Dr. Anthea Hartig will join us as co-chair of the Harada House Ad-Hoc Committee. Anthea M. Hartig, PhD, Executive Director, California Historical Society, was previously with the National Trust for Historic Preservation, where she directed the Trust’s Western Office and served the six continental far western states along with Hawai’i, Alaska and the Pacific Island Territories of Guam and Micronesia. Previously Dr. Hartig taught history and cultural studies at La Sierra University in Riverside and graduate courses in historic preservation at the University of California, Riverside from where she holds a Ph.D. and Master’s Degree. Dr. Hartig has served on many local, statewide and national history-related non-profit foundations’ boards of directors, including the California Preservation Foundation, the California Council for the Promotion of History and co-chairs the Harada House Ad-Hoc Advisory Committee, and has published in both academic and professional journals.

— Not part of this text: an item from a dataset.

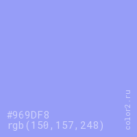 Цвет #969DF8 в цветовой модели RGB обозначается тремя октетами (150, 157, 248) в десятичном формате и #969DF8 в шестнадцатиричном (hex) формате, которые являются интенсивностью красного 150 (hex 96), интенсивность зелёного 157 (hex 9D) и интенсивность синего 248 (hex F8).

Donna Graves, consultant and Director of Preserving California Japantowns, will introduce participants to an abbreviated inaugural tour of Reading the Sites: The Japanese American Community in Riverside. Donna Graves received a B.A. in American Studies at UCSC, and M.A. in American Civilization from Brown University, and an M.A. in Urban Planning with a concentration on history and theory of the built environment from UCLA. She is widely known for her work documenting sites associated with Japanese American history and has developed historic context statements for San Francisco’s Japantown and the City of Richmond, California. In addition, she was the Project Consultant for the City of Riverside, Certified Local Government Grant 2010/2011, Japanese American Heritage and the Quest for Civil Rights in Riverside, California 1890s-1970s, Reading the Sites.

Dr. Catherine Gudis is Associate Professor of History and Director of the Public History Program at the University of California, Riverside. She is the author of Buyways: Billboards, Automobiles, and the American Cultural Landscape and an editor of Cultures of Commerce: Business Culture in America as well as groundbreaking exhibition catalogues on contemporary art, including A Forest of Signs: Art in the Crisis of Representation and Helter Skelter: L.A. Art in the 1990s. As a 2011-12 Getty Scholar, Dr. Gudis began work on her next book, Curating the City: The Framing of Los Angeles, which interweaves histories of public art, preservation, and urbanism in the Southland. She has worked for many years as a curator and preservationist, spearheading major educational initiatives at the Los Angeles Conservancy, contributing to such projects as SurveyLA and the City of Riverside’s historic contexts on Eastside and University Avenue, and working, in particular, on California-focused exhibitions, including one in progress for the Huntington Library. She received her Ph.D. in American Studies from Yale University and B.A. in Philosophy from Smith College.